Afin de mettre en scène l’idée migratoire avec ce que cela peut comporter de notions d’accueil, d’hospitalité, d’acceptation sociale, Kimsooja a procédé à toute une superposition de baluchons colorés et s’en est allée lentement, très lentement, assise sur le faîte de sa remorque, depuis la banlieue sud jusqu’à l’église Saint-Bernard dans le 18e arrondissement parisien. On la voit sur une vidéo évoluer de dos, chaloupant dans une sorte de valse lente, elle remonte les rues en suscitant l’étonnement des passants. Cette performance d’une artiste sud-coréenne s’inscrit dans une exposition collective sise au Mac Val (Val de Marne) jusqu’au 3 septembre.

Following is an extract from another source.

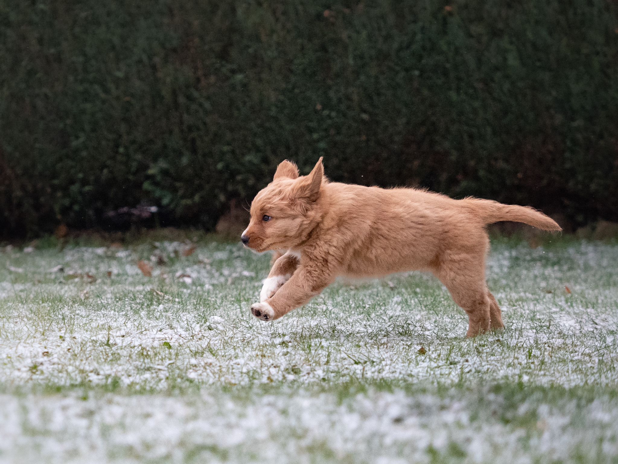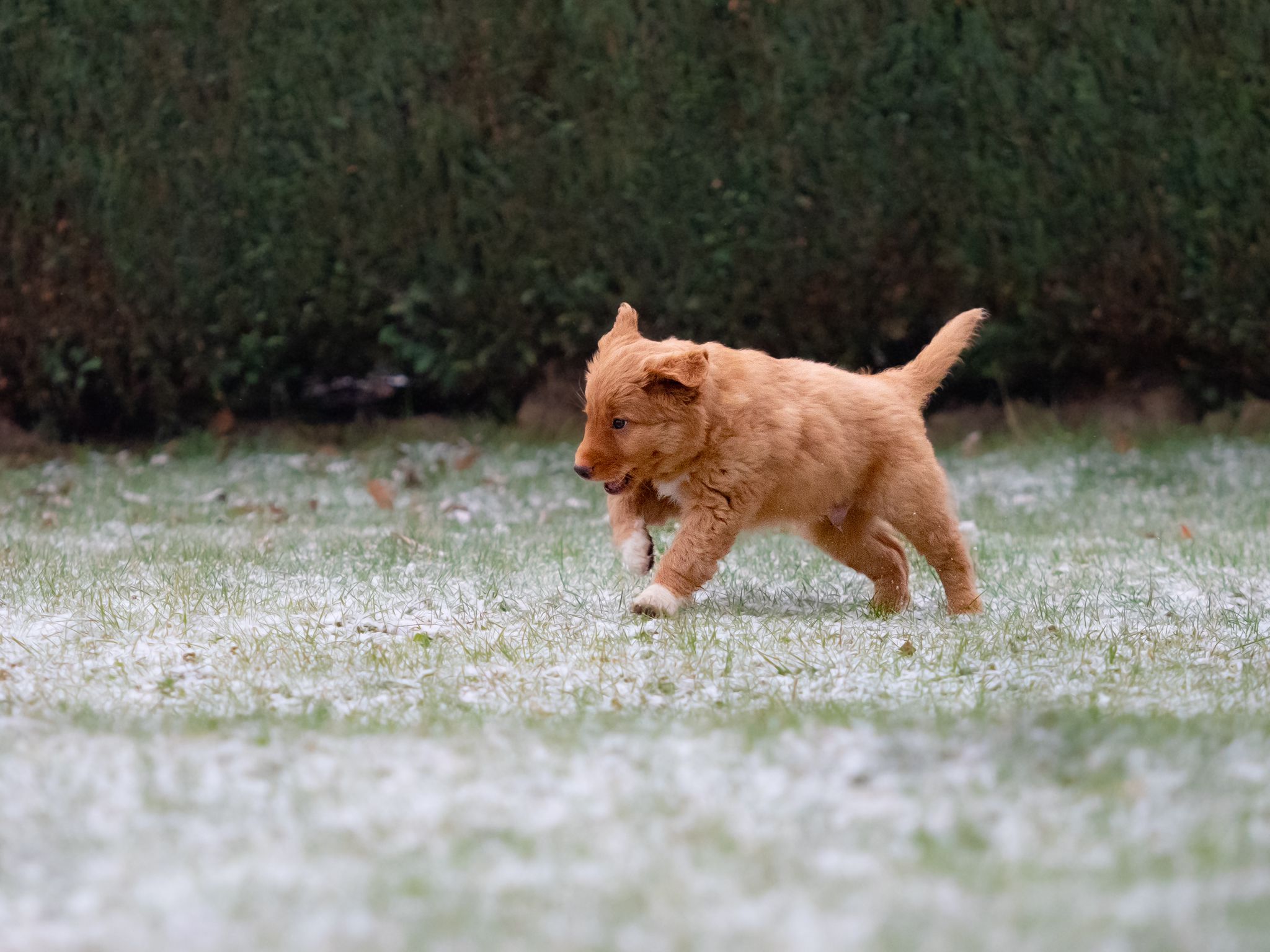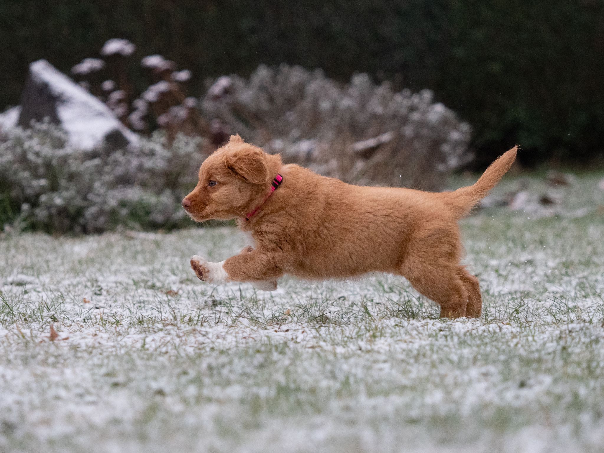 In den Wochen hier bei uns erleben die Welpen sehr viel. Sie genießen von Beginn an Wurfkiste und Welpengehege im Esszimmer und damit mitten in unserem Familienleben. Das garantiert die Gewöhnung an viele Alltagsgeräusche und Reize, aber auch die Ruhe kommt nicht zu kurz, denn die Zwerge benötigen viel Schlaf um all das Erlebte zu verarbeiten. Ab der 4. Woche gab es die ersten Besuche und bei günstiger Witterung ging es immer wieder für kurze Zeit ins Außengehege, im Januar sogar mit Schnee! Auch beim Weihnachtsfest waren die Zwerge mittendrin.

Le seul défaut général de cette affaire est sa trop grande hétérogénéité. Il y a un effet bazar créatif sur le même thème qui nuit un peu à l’idée « Tous des sangs mêlés », mais comme le propos sous-jacent est bien vague (l’identité culturelle) on ne voit pas comment le musée aurait pu aboutir à quelque chose de plus ramassé, de davantage cohérent.
Le bénéfice appartient donc aux bonnes surprises glanées ça et là comme dans un vide-grenier. Toujours en vidéo il y a ce monsieur qui s’est transporté sur une route qui longe le canal de Panama. Francis Alaÿs a été filmé en train de repeindre soixante bandes médianes sur la chaussée que le temps avait effacées. La zone choisie appartenait aux États-Unis avant de revenir au Panama. Il nous est expliqué que « par son incongruité et par l’effort répété, le geste de l’artiste s’apparente à une interpellation adressée aux habitants de la zone, une succession de traits de peinture » invitant à « réfléchir à la mobilité des frontières comme à l’oubli de celles-ci ». Il serait bien intéressant de connaître en détail l’avis des habitants ainsi interpellés par une performance contemporaine pure. Le film réalisé par David Zwirner et qui dure huit minutes élargit pour le moins le champ des horizons créatifs. Nous voilà bouche-bée.
Parmi les réalisations exposées figure celle du collectif Présence Panchounette, achevée en 1985 et censée faire le portrait de l’homme africain moderne en voyage. Une sculpture de la région Batéké (Afrique centrale) a été installée au sommet de trois valises de format dégressif. Des vraies valises pas celles à roulettes qui sonorisent de nos jours les aéroports comme un lit de gravier sans cesse drainé par la rivière. La touche qui « fait sens » est ce casque audio de walkman fichu sur la tête de la statuette. Une notice pédagogique affirme qu’ainsi on peut dire « que l’homme africain est bien partie prenante de l’histoire », allusion sans doute à un fameux discours de Nicolas Sarkozy que lui avait rédigé son conseiller Henri Guaino et qui disait plutôt le contraire.
Mais la plus remarquable sculpture et à vrai dire elle aurait pu à elle seule faire l’exposition, c’est ce groupe de migrants anonymes confectionnés en résine et mortier. Elle est due à un certain Karim Gheloussi. Cet ensemble fascine -vraiment- par cette apparence de mouvement que l’artiste a su donner à l’ensemble, conférant également un sentiment composite de monotonie, tristesse et résignation tel que peut en dégager un groupe humain en déplacement. L’œuvre se trouve au centre du vaste plateau du Mac Val et pour le coup, elle, interpelle sans cesse, nous les migrants muséaux, sur le chemin aléatoire qui nous mène de découverte en découverte.
PHB
« Tous des sangs mêlés », au Mac Val, Ivry, jusqu’au 3 septembre 2007
NB: Ce Mac Val, avant-poste bien méritoire de l’art contemporain en banlieue, reste toujours aussi malaisé d’accès. Un défaut qui pourrait enfin s’effacer avec l’aménagement en cours d’une ligne de tramway qui partira de la Porte de Choisy. On ne peut que s’en féliciter.